Etsu Bassa Nge
- In office 2000–2025
- Preceded by: Abu Ali II

Governor of Bauchi State
- In office 4 September 1990 – January 1992
- Preceded by: Joshua Madaki
- Succeeded by: Dahiru Mohammed

Personal details
- Born: 1945 or 1946
- Died: 24 November 2025 (aged 79) Kogi State, Nigeria

Military service
- Allegiance: Nigeria
- Branch/service: Nigerian Army
- Rank: Brigadier General

= Abu Ali (military general) =

Nigerian military brigadier general and politician (1946–2025)

Abu Ali (1945 or 1946 – 24 November 2025) was a Nigerian Army brigadier general. He was Governor of Bauchi State, Nigeria from August 1990 to July 1992, during the military regime of Major General Ibrahim Babangida and was the Etsu of Bassa Nge in Kogi State before his death, he was a complete Bassa Nge by tribe from Kpata. North Central Nigeria. He was a first-class title holder who was widely respected.

As governor of Bauchi State, he commissioned the Bauchi Township Water project, formed the Wikki Tourists Football Team, consolidated the Tomato Processing Company project and completed some hospital projects.
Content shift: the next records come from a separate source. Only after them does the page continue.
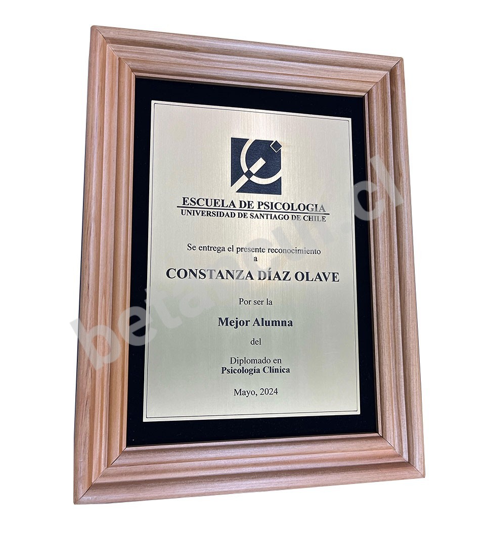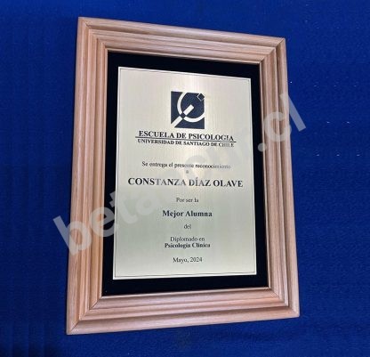 Marco de madera fondo de vidrio y placa metalex dorada 23
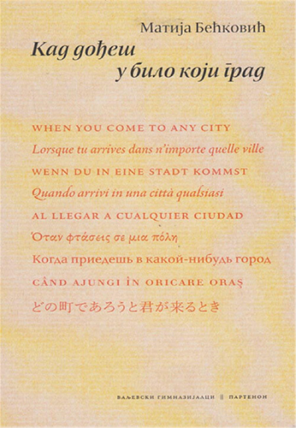 Poema Matije Bećkovića “Kada dođeš u bilo koji grad” prevedena na italijanski, francuski, engleski, nemački, španski, ruski, grčki, rumunski, japanski.
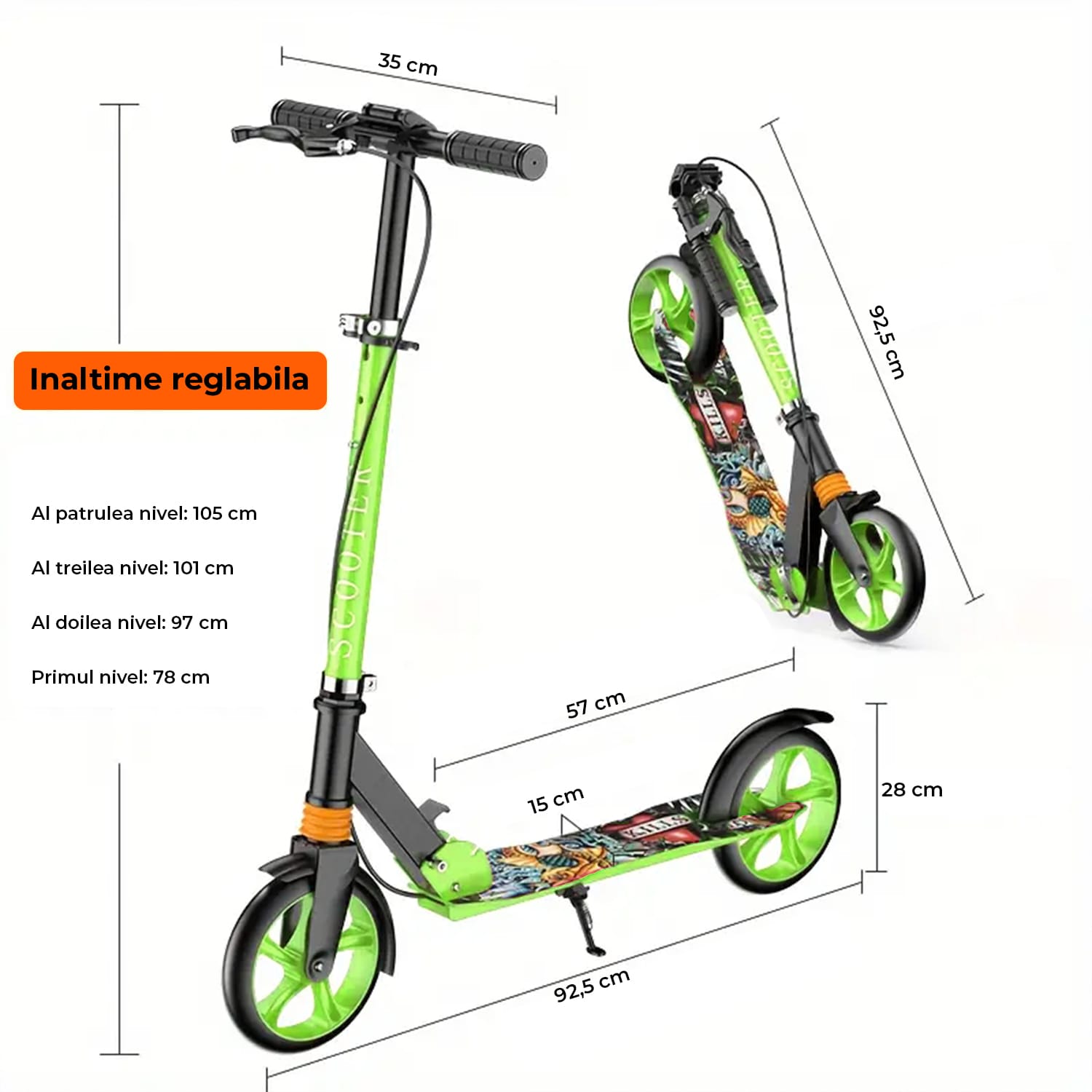• Ghidon Reglabil: Se ajusteaza usor intre 78-105 cm, oferind confort pentru toate varstele, de la copii pana la adulti.
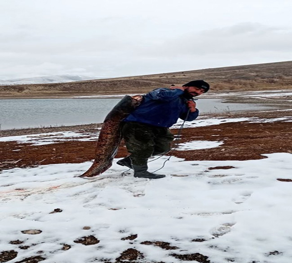 Kayseri’nin Pınarbaşı ilçesinde balıkçılık yapan Murat Ülger, ilçede bulunan Bahçecik Barajı’nda yaklaşık 2 metre uzunluğunda ve 38.5 kilo ağırlığında yayın balığı yakaladı. Murat Ülger, yakaladığı yayın balığı ile barajın kıyısında fotoğraf çekindi.
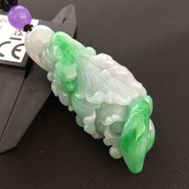 阳绿如意吊坠,真金真钻镶嵌,完美,种水超好,玉质细腻.

In 1991, there were riots in Tafawa Balewa, where Christians and Muslims disputed a shared abattoir. The trouble spread to Bauchi and other towns. After some delay, Abu Ali imposed a dusk-to-dawn curfew, banned all public gatherings and deployed police and soldiers in all troubled areas to keep the peace. In all, perhaps 1,000 people died.
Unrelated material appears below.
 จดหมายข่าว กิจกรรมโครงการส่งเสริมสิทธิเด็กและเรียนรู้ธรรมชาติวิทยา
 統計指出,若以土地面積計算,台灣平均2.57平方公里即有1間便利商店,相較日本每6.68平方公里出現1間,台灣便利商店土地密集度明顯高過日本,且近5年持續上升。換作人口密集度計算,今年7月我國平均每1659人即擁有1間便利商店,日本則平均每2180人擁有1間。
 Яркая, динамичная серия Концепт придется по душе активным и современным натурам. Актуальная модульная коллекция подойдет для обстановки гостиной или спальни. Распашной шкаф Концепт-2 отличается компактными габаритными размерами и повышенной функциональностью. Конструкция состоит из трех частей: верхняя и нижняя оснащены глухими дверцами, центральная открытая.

Ali handed over to a democratically elected government in January 1992. He retired from the Nigerian Army in 1999 at the rank of a Brigadier General.

He was also the father of the late Lt. Colonel Muhammad Abu Ali who was killed by Boko Haram troops at Mallam Fatori, Borno State, Northeastern Nigeria and Lt. Abubakar Abu Ali who is currently serving in the Nigerian Army.

Ali died in Kogi State, Nigeria on 24 November 2025, at the age of 79.